This might help. It is experience from the 1970's when we were trying to build British vertical twins capable of racing against Japanese four cylinder bikes. The weaknesses of the brit bikes were poor machining for the most part, weak metal, and designs that were originally done before World War II. The engines were naturally aspirated and running on gas. The failures were like engines using fuel, i.e. cylinders pulling away from the blocks, cylinders breaking at the base flanges, rod big end bearings flattening, etc.
This is what I learned. The combustion process produces a peak pressure a short time after ignition and this is not proportional to rpm. The pressure spike, if it happens when the piston is too close to top dead center, pushes down on the piston when the rod has poor leverage on the crank. This is hard on the rod bearings, everything else, and it hurts power. The pressure spike itself, if it happens when the piston is too far down from TDC, is not as great as it can be - although the rod to crank leverage is better. The pressure spike and piston position need to be optimal for the most power and engine life. Spark advance timing can be used to keep the pressure spike and piston position optimal, to some extent. So can choice of fuel. The other factor is engine speed. The piston is further past TDC when the pressure spike occurs at higher rpm.

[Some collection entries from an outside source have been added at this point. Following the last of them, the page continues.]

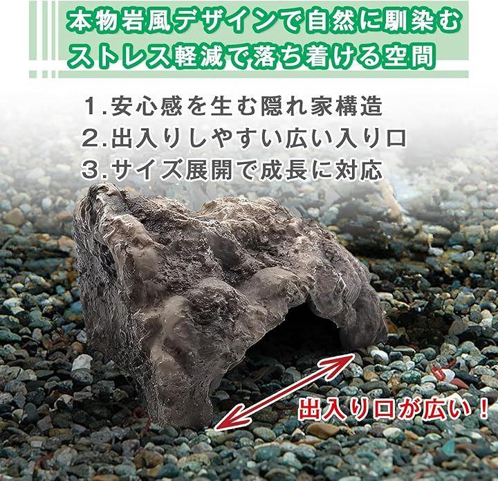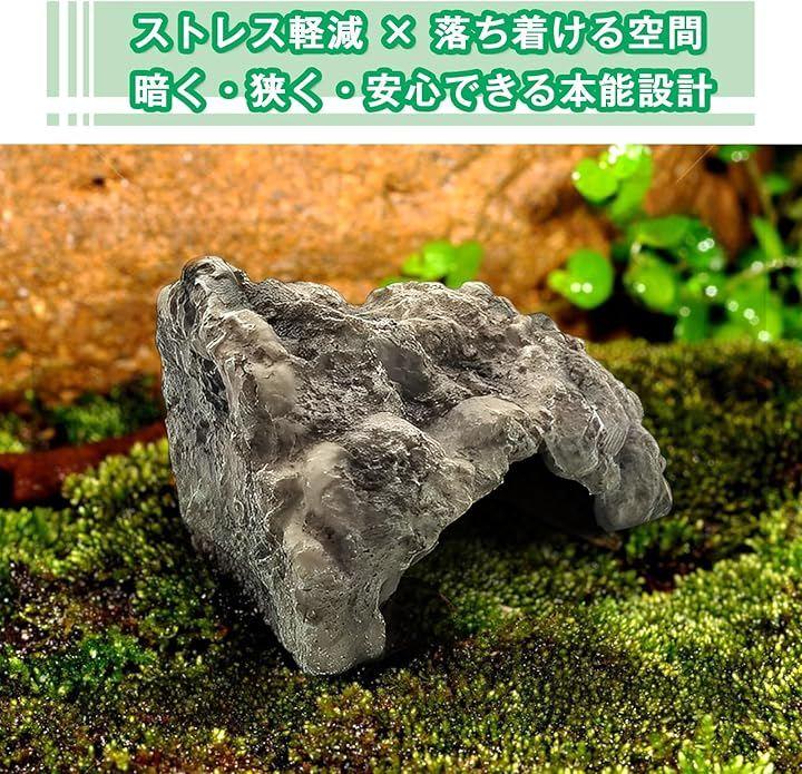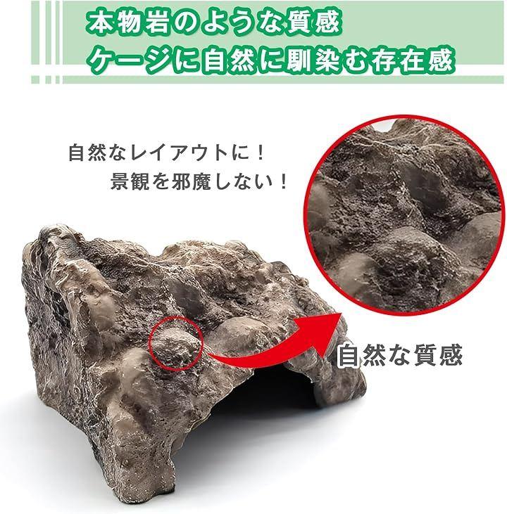 このロックシェルターは、天然の岩を模した重厚なデザインと、生体が落ち着ける内部構造。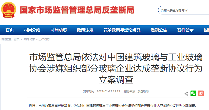 近日,市场监管总局根据举报,依法对中国建筑玻璃与工业玻璃协会涉嫌组织部分玻璃企业达成垄断协议行为立案调查。
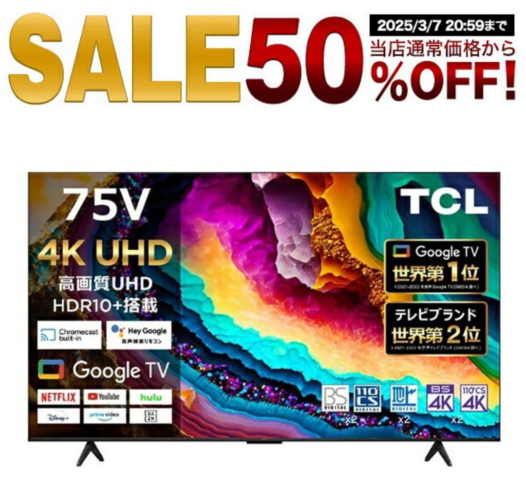 商品詳細はこちらへ←私の楽天ROOM🔥#スーパーセール対象商品🔥▶価格139800円⇒半額にて価格69900円#yusukeスーパーセールコレクション【スーパーSALE限定 50%OFF】テレビ 75型 4K内蔵 Googleテレビ 液晶テレビ 75インチ グーグルテレビ 75V Google TV UHD スマートテレビ Wチューナー 外付けHDD録画機能 地上・BS・110度CSデジタル Netflix Youtube hulu TCL 75P79B PBテレビCPショップ#XPRICE楽天市場店#最新テクノロジー #カメラのある生活 #オーディオマニア #おうち時間充実

One of my engines was built at the limit in regards to compression and the anti-knock capabilities of the gasoline I had. The pressure spike and optimal piston position were within tolerable limits for a few thousand rpm. My method was to roll on the throttle until the engine was within those rpm limits and then to open it up all of the way. That is the only way I could get the engine to be powerful and reliable.
This is a long story. The point is, it helps me a lot to be aware of what happens in the combustion cycle and when it occurs. Some of this might apply to fuel use.